TASK ITEM:
Where "خالد" appears in a line of the entries below, that line should be copied.

SOURCE MATERIAL:
•••
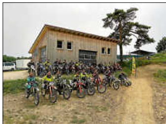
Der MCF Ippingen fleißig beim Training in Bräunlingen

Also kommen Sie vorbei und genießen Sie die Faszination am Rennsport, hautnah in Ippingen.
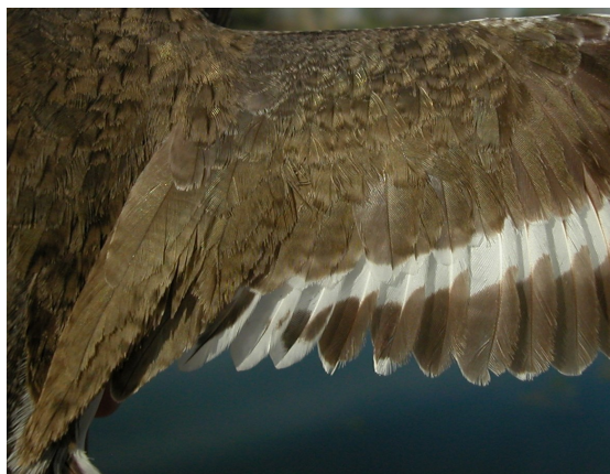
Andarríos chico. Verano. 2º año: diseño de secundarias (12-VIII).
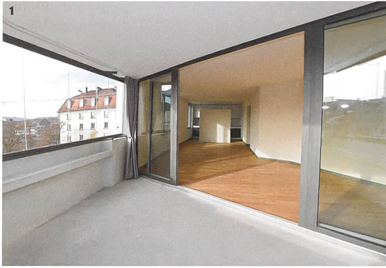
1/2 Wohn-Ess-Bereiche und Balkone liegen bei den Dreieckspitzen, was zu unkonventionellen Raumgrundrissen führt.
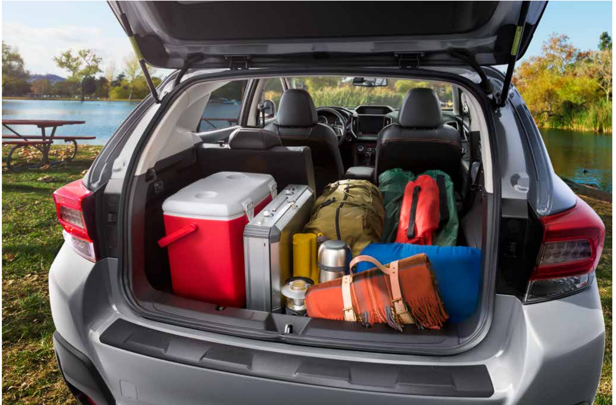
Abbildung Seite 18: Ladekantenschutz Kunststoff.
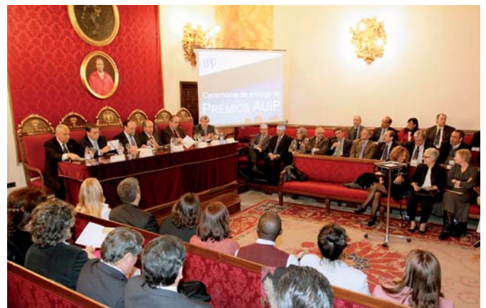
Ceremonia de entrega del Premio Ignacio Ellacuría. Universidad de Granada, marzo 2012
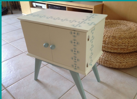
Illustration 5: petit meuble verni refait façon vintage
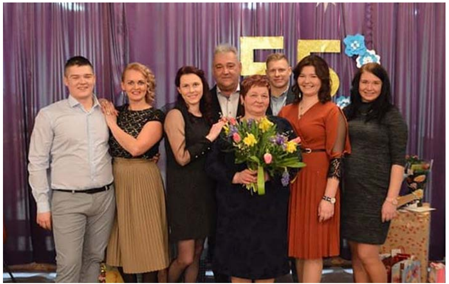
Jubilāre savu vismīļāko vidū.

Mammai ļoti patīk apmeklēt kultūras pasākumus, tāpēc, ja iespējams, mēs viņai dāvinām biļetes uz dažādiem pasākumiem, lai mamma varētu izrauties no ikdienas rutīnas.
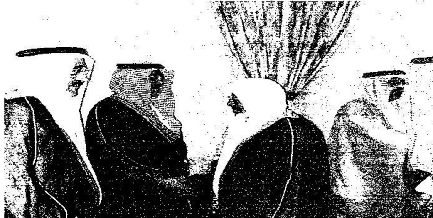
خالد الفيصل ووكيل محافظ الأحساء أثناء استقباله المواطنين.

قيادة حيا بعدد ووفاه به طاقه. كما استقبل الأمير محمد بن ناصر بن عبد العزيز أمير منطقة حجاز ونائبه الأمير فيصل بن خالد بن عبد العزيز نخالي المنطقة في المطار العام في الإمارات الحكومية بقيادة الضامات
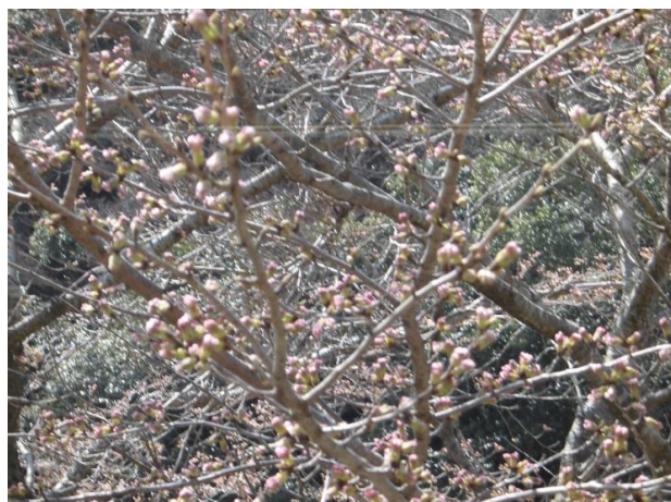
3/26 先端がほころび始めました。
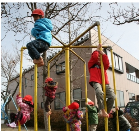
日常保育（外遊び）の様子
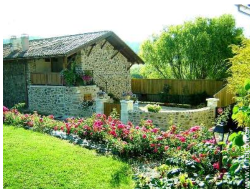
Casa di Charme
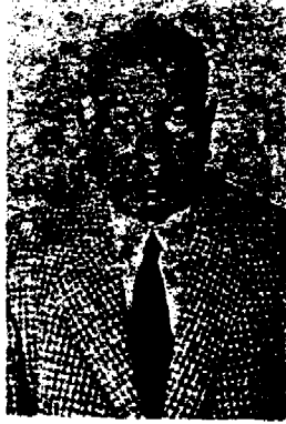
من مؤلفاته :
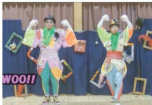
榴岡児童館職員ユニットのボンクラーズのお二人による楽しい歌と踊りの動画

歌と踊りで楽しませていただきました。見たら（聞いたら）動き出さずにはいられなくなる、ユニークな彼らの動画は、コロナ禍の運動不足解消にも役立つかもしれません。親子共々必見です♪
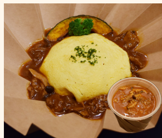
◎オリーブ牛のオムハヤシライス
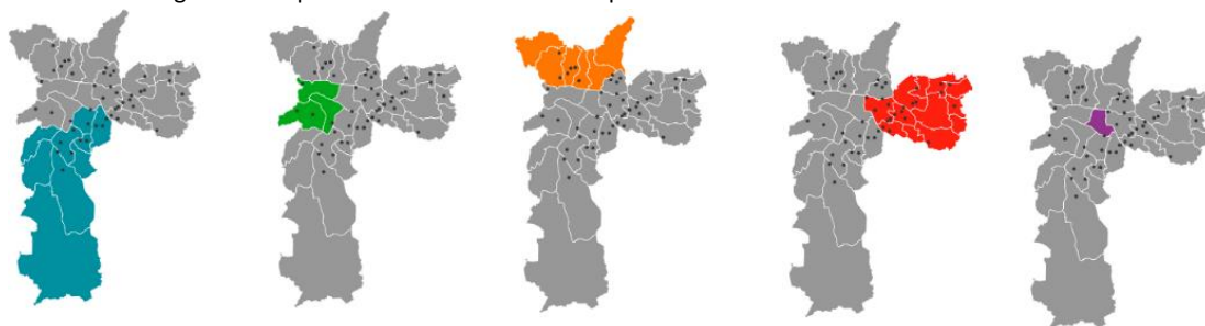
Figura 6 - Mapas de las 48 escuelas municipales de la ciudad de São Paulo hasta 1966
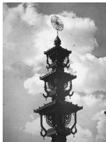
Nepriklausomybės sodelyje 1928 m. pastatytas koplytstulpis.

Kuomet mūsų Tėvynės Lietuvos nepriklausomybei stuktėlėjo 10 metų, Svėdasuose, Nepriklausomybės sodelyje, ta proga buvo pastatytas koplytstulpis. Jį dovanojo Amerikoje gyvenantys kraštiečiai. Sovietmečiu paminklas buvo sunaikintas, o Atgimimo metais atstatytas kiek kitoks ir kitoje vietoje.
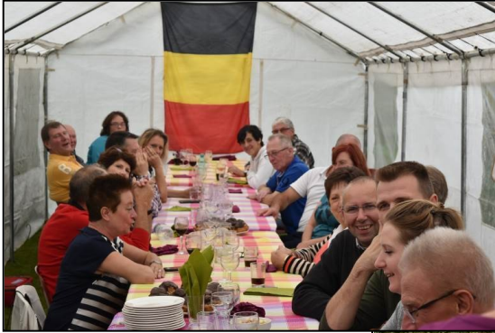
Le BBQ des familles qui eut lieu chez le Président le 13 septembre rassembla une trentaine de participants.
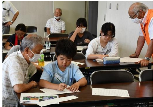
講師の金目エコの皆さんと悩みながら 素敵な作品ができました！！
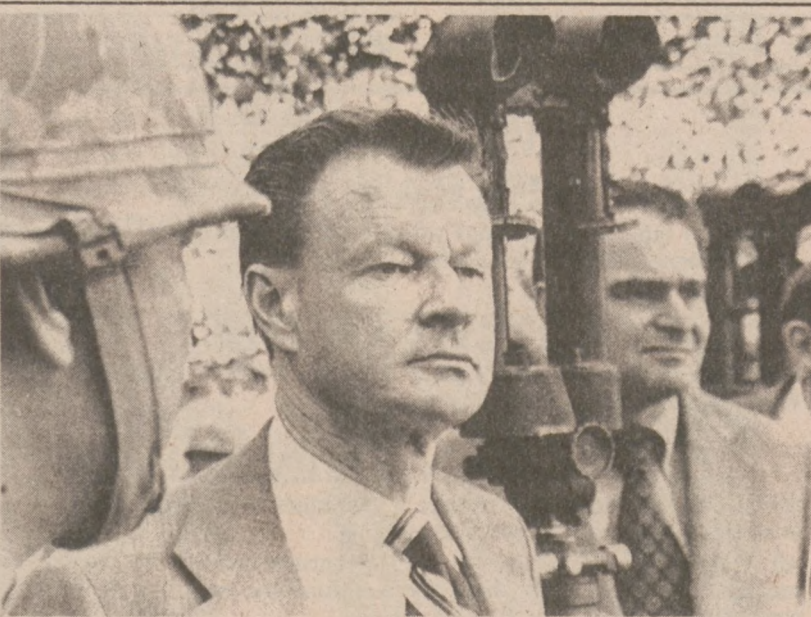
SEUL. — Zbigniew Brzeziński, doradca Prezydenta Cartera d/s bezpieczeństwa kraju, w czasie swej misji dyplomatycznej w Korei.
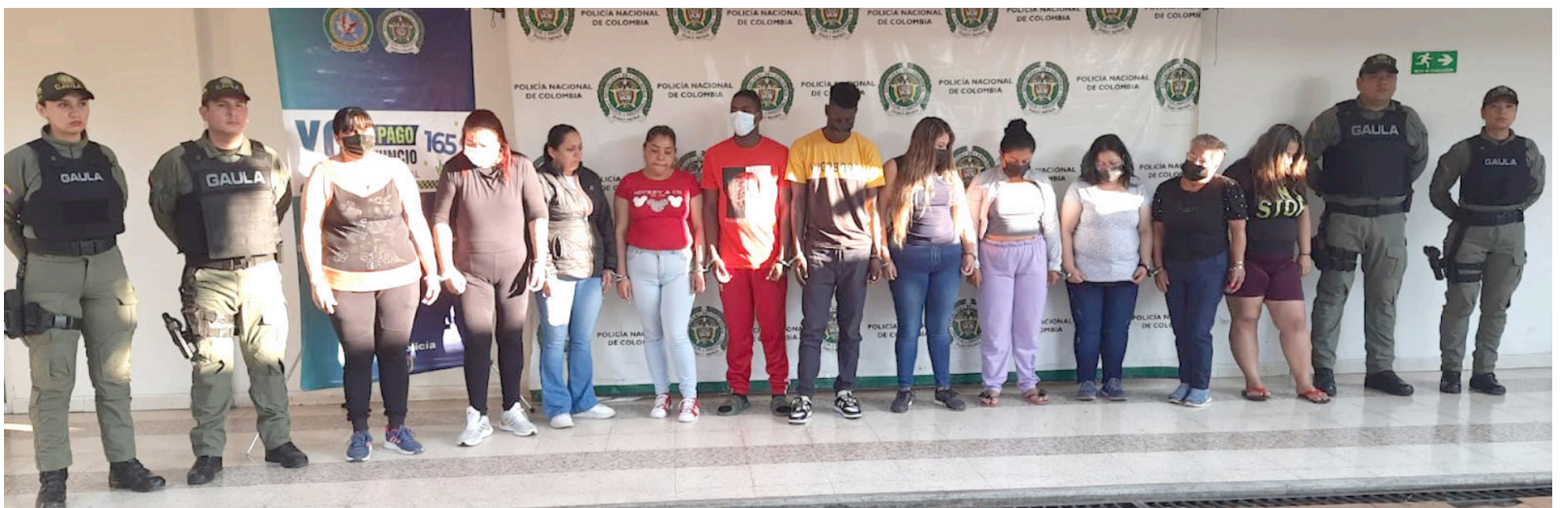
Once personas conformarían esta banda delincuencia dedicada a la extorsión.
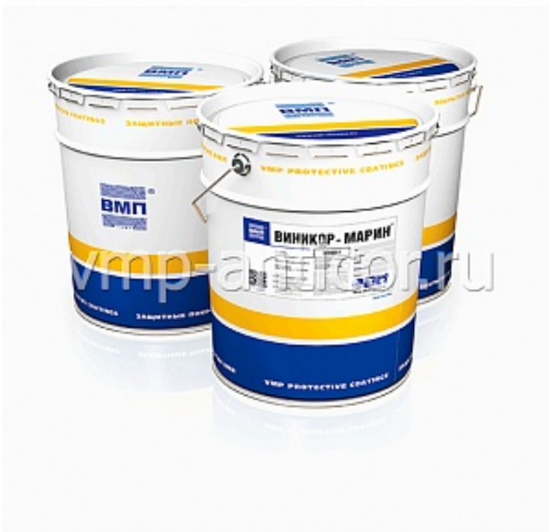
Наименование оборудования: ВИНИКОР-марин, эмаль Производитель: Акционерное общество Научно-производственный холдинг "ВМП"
•••
SOLUTION BELOW:
خالد الفيصل ووكيل محافظ الأحساء أثناء استقباله المواطنين.
قيادة حيا بعدد ووفاه به طاقه. كما استقبل الأمير محمد بن ناصر بن عبد العزيز أمير منطقة حجاز ونائبه الأمير فيصل بن خالد بن عبد العزيز نخالي المنطقة في المطار العام في الإمارات الحكومية بقيادة الضامات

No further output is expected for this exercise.